> _Problem to work on_
Reproduce exactly, and only, the lines of the material below running from the line bearing "火車站內躺著一位遊民." through the line bearing "As crianças que". Leave any pictures out.

> _Working data_

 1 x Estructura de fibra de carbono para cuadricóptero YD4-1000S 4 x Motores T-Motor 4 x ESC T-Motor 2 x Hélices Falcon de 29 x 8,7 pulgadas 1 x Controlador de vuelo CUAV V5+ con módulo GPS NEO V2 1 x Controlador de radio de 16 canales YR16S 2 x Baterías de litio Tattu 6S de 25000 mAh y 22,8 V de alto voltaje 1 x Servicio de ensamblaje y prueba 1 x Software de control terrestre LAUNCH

---

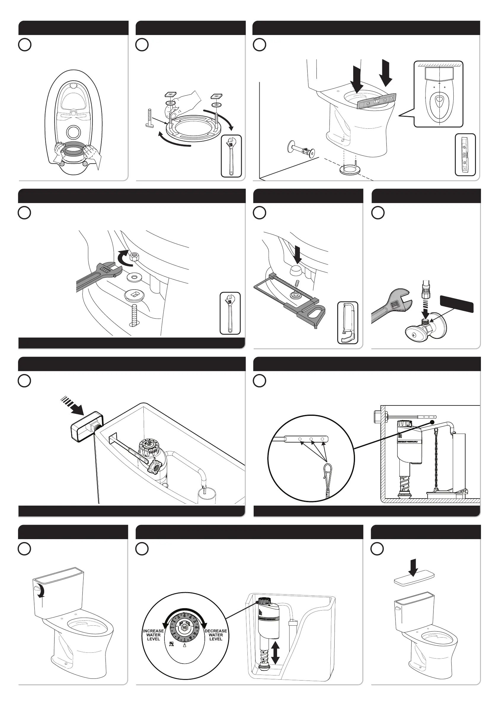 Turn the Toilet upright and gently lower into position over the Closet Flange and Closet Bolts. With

--

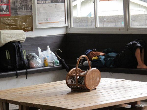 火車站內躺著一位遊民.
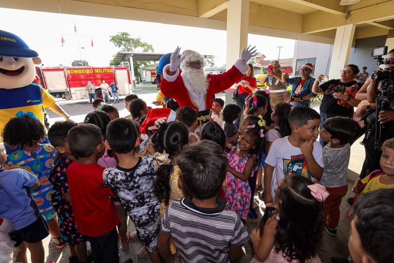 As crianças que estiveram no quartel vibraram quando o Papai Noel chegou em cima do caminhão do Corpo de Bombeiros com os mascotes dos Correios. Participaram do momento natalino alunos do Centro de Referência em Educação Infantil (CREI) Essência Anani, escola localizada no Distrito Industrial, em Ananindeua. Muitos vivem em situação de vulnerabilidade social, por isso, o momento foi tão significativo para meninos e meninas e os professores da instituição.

> _Your response_
 火車站內躺著一位遊民.
 As crianças que estiveram no quartel vibraram quando o Papai Noel chegou em cima do caminhão do Corpo de Bombeiros com os mascotes dos Correios. Participaram do momento natalino alunos do Centro de Referência em Educação Infantil (CREI) Essência Anani, escola localizada no Distrito Industrial, em Ananindeua. Muitos vivem em situação de vulnerabilidade social, por isso, o momento foi tão significativo para meninos e meninas e os professores da instituição.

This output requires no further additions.